Unsupervised Phoneme and Word Discovery From Multiple Speakers Using Double Articulation Analyzer and Neural Network With Parametric Bias

Front Robot AI. 2019 Oct 1:6:92. doi: 10.3389/frobt.2019.00092. eCollection 2019.

Abstract

This paper describes a new unsupervised machine-learning method for simultaneous phoneme and word discovery from multiple speakers. Phoneme and word discovery from multiple speakers is a more challenging problem than that from one speaker, because the speech signals from different speakers exhibit different acoustic features. The existing method, a nonparametric Bayesian double articulation analyzer (NPB-DAA) with deep sparse autoencoder (DSAE) only performed phoneme and word discovery from a single speaker. Extending NPB-DAA with DSAE to a multi-speaker scenario is, therefore, the research problem of this paper.This paper proposes the employment of a DSAE with parametric bias in the hidden layer (DSAE-PBHL) as a feature extractor for unsupervised phoneme and word discovery. DSAE-PBHL is designed to subtract speaker-dependent acoustic features and speaker-independent features by introducing parametric bias input to the DSAE hidden layer.
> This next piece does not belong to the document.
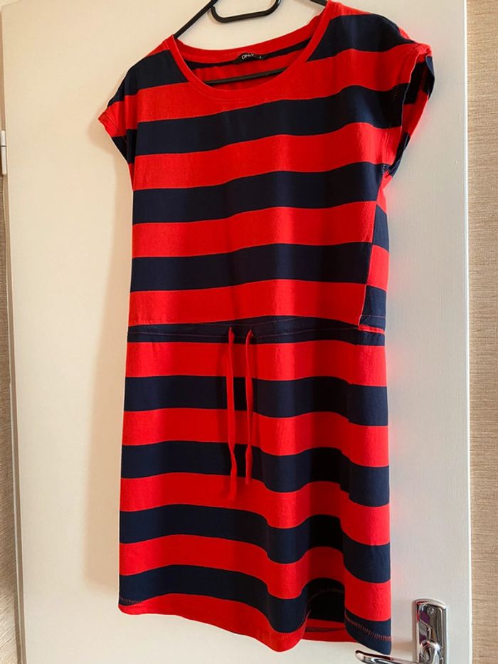 Robe plage bleu marine et rouge ceinture cordon taille S - photo numéro 1

An experiment demonstrated that DSAE-PBHL could subtract distributed representations of acoustic signals, enabling extraction based on the types of phonemes rather than the speakers. Another experiment demonstrated that a combination of NPB-DAA and DSAE-PBHL outperformed other available methods accomplishing phoneme and word discovery tasks involving speech signals with Japanese vowel sequences from multiple speakers.

Keywords: Bayesian model; neural network; parametric bias; phoneme discovery; word discovery.